> **Available data**
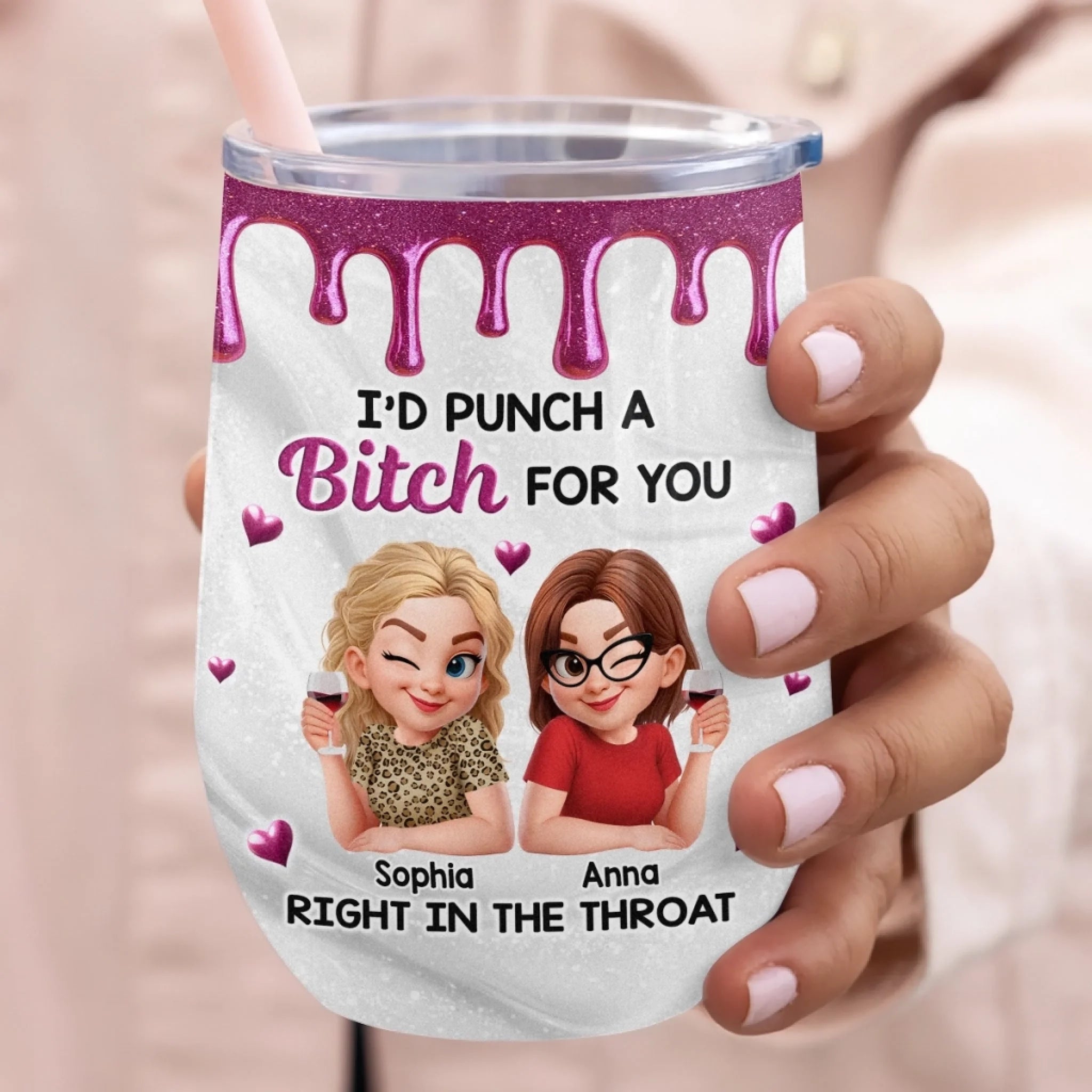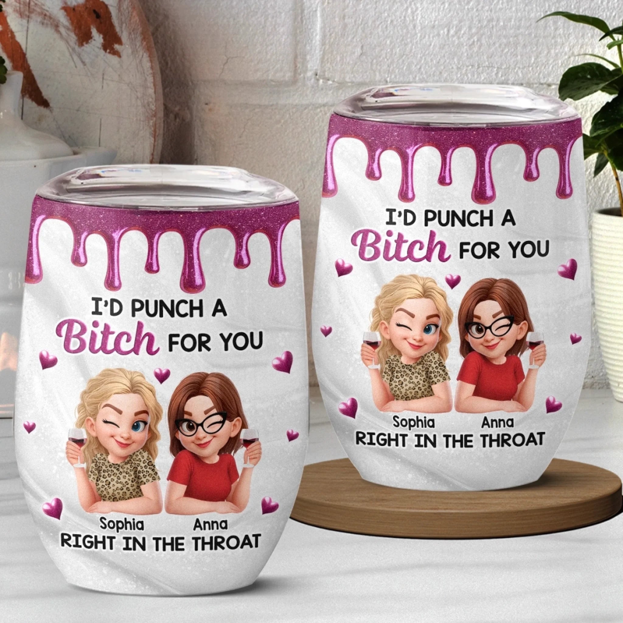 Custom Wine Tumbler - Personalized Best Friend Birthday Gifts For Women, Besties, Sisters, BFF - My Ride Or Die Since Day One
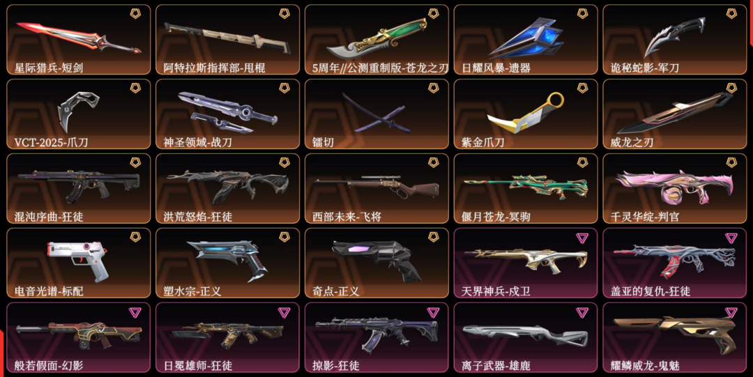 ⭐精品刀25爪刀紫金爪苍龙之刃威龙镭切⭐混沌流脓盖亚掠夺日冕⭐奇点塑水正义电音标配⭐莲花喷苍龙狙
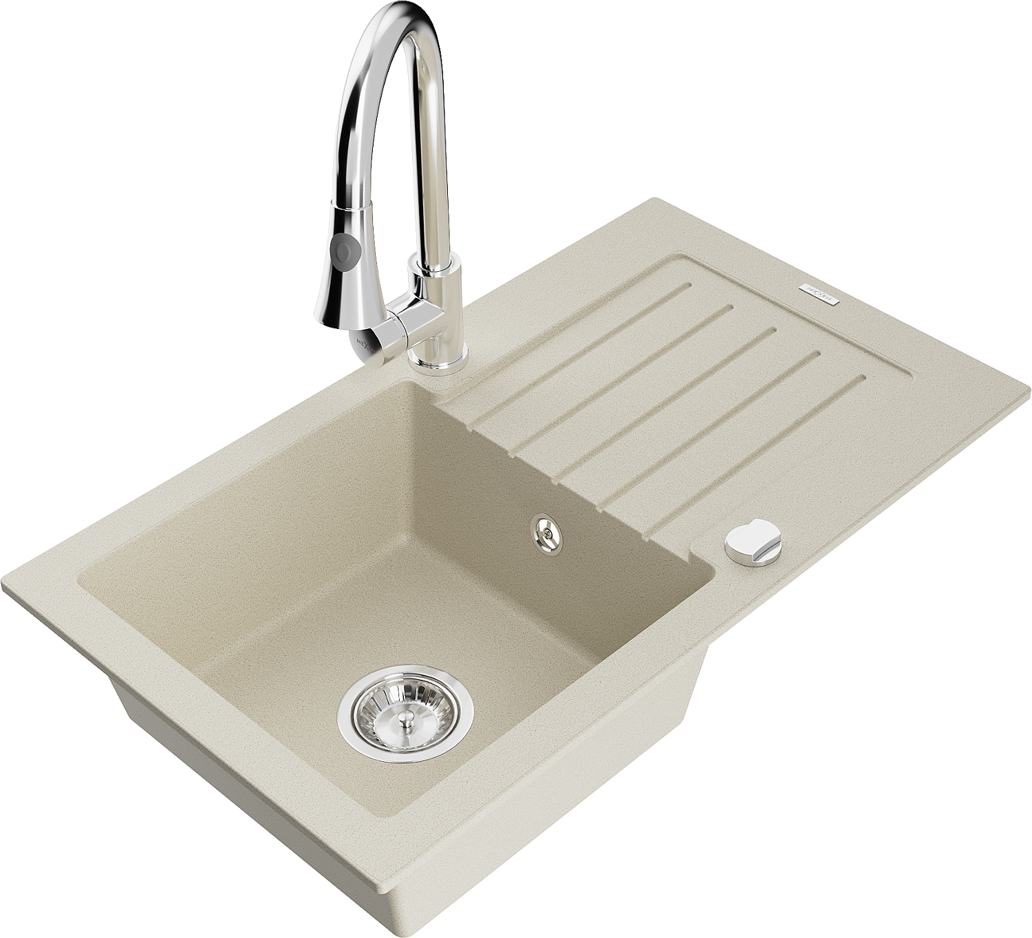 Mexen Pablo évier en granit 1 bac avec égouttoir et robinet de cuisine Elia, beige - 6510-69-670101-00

> **Work request**
Quote everything in the listing above exactly; pictures are the only thing to omit.

> **Answer**
 Custom Wine Tumbler - Personalized Best Friend Birthday Gifts For Women, Besties, Sisters, BFF - My Ride Or Die Since Day One
 ⭐精品刀25爪刀紫金爪苍龙之刃威龙镭切⭐混沌流脓盖亚掠夺日冕⭐奇点塑水正义电音标配⭐莲花喷苍龙狙
 Mexen Pablo évier en granit 1 bac avec égouttoir et robinet de cuisine Elia, beige - 6510-69-670101-00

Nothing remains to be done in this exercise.